TASK BRIEF ->
Omit all pictures. Print the remaining lines exactly, from the start of the data through the line containing "山东大学管理学院人力资源管理".

Entries taken from a collection ->
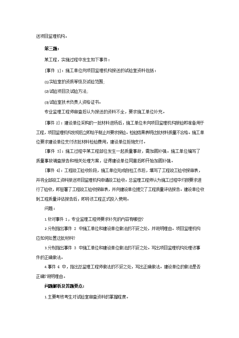 【文档名称】 2014年监理工程师考试案例分析真题及答案(Word版).doc
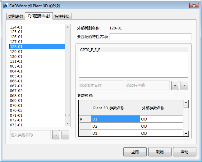 指定 Plant 3D 与 CADWorx 之间的参数映射。每个几何图形映射都有对应的参数集,且这些参数可以随形状而异。
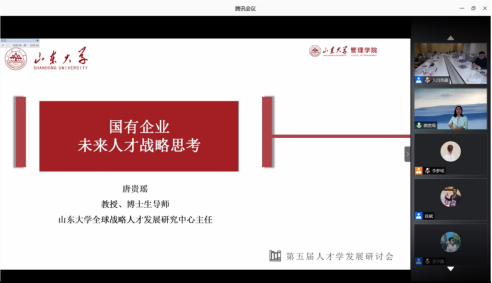 山东大学管理学院人力资源管理系唐贵瑶教授以《国有企业未来人才战略思考》为题,提出国有企业应加强市场化人才管理,提高人才专业化水平,挖掘人才国际化潜能,坚持党管人才。
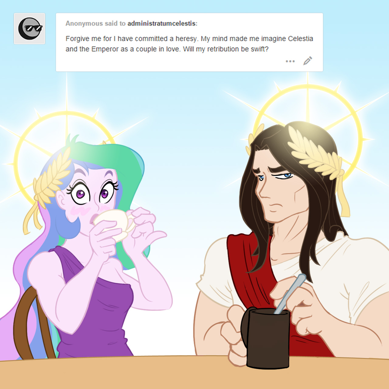 >Не косвенно - в Великом труде он прям зелёным светился от некронотеха Да косвенно, косвенно, обмазался ради дела, ради блага империума. Эмпора тоже эльдартехом обмазывался. Для блага Человечества.
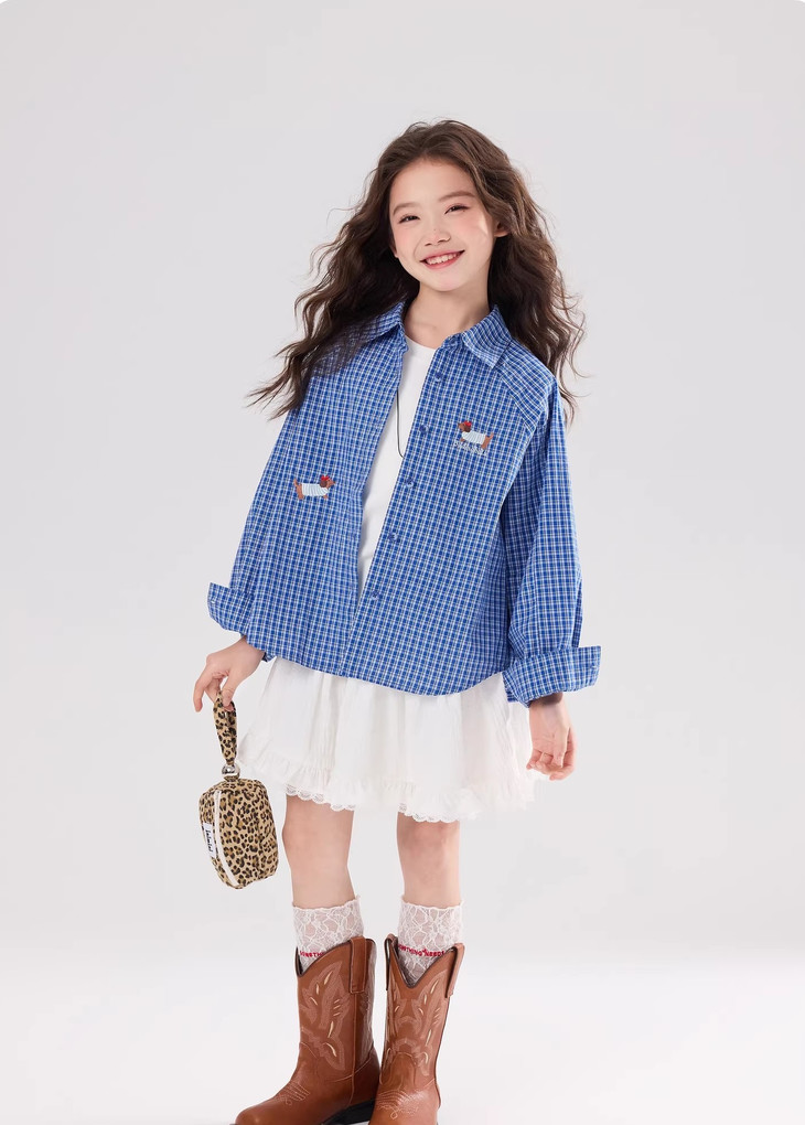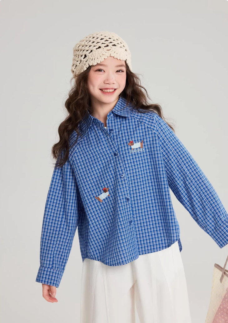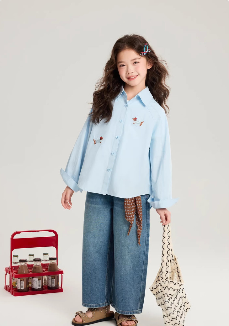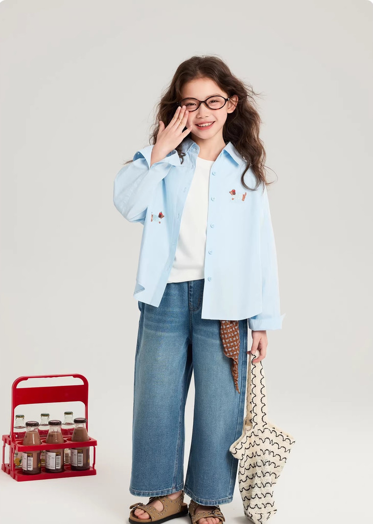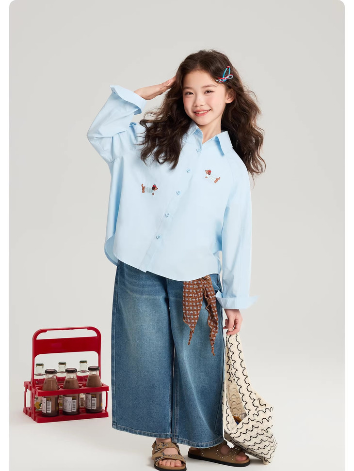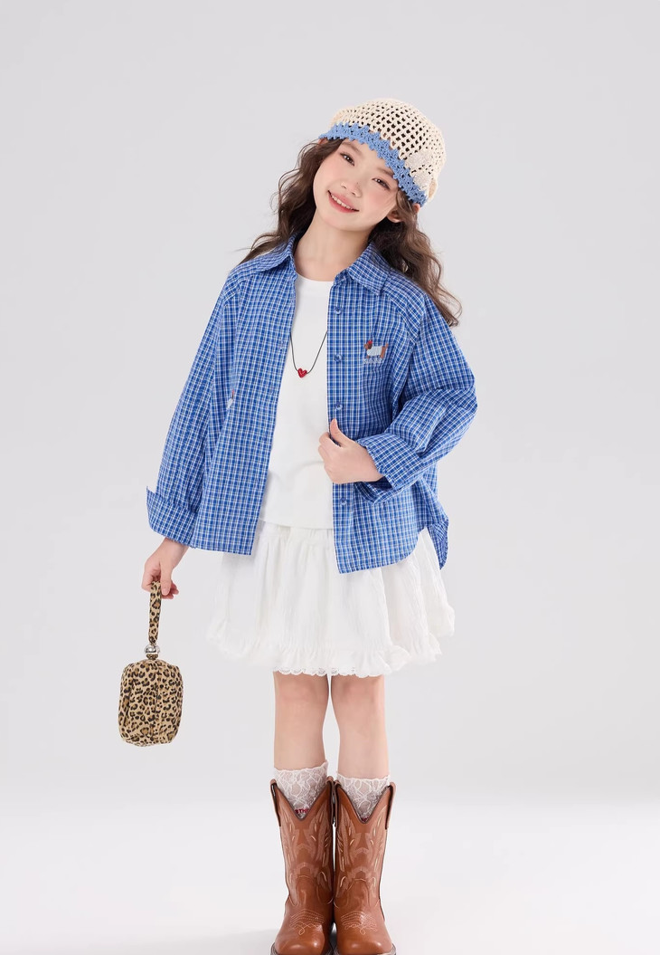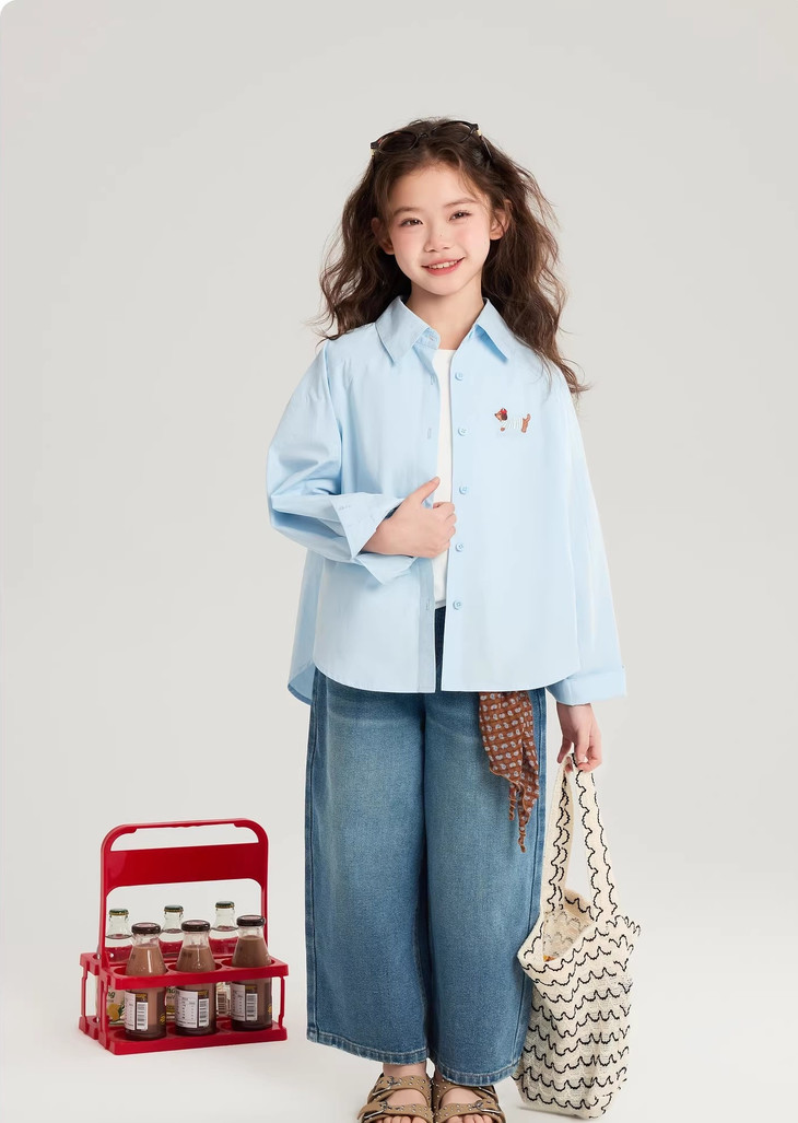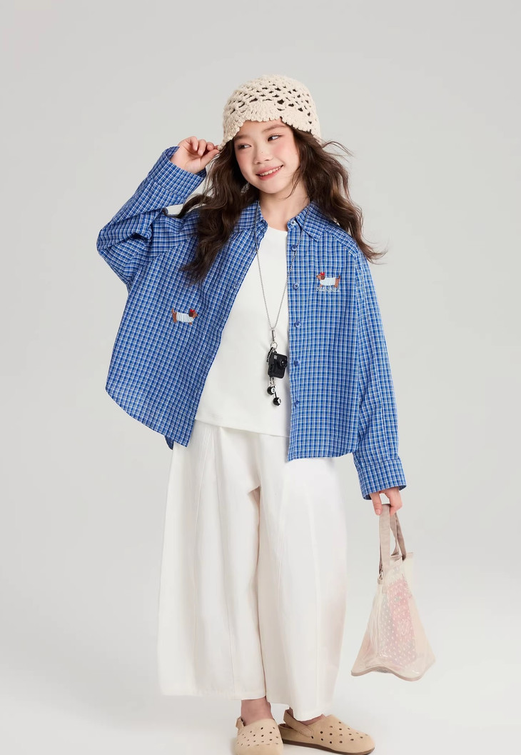 下面再来看这一组超能搭的万能衬衫 20度的天气穿什么衣服❓超喜欢带图案的衬衫 春天的第一件衬衫必须是它🙌 妥妥万金油单品✨时髦拿捏不费力时髦❗ 这款纯色+格纹真的超级超级经典 MiU色系😘 可盐可甜,胖瘦女宝都可以驾驭! 🛑面料采用100%棉,手感厚实柔软亲肤,超级好穿! 软fufu的奶蓝色衬衫,像把春天穿在身上~ 细腻的棉感透气不闷,宽松版型对各种身材都超友好。 小面积的刺绣点缀,让基础款多了几分俏皮可爱,单穿叠穿都好看。 搭配短裙,休闲裤,慵懒氛围感直接拉满! 跑跳玩耍都无束缚,给整套穿搭注入满满的活力感。

RESPONSE FOR THIS EXERCISE ->
 【文档名称】 2014年监理工程师考试案例分析真题及答案(Word版).doc
 指定 Plant 3D 与 CADWorx 之间的参数映射。每个几何图形映射都有对应的参数集,且这些参数可以随形状而异。
 山东大学管理学院人力资源管理系唐贵瑶教授以《国有企业未来人才战略思考》为题,提出国有企业应加强市场化人才管理,提高人才专业化水平,挖掘人才国际化潜能,坚持党管人才。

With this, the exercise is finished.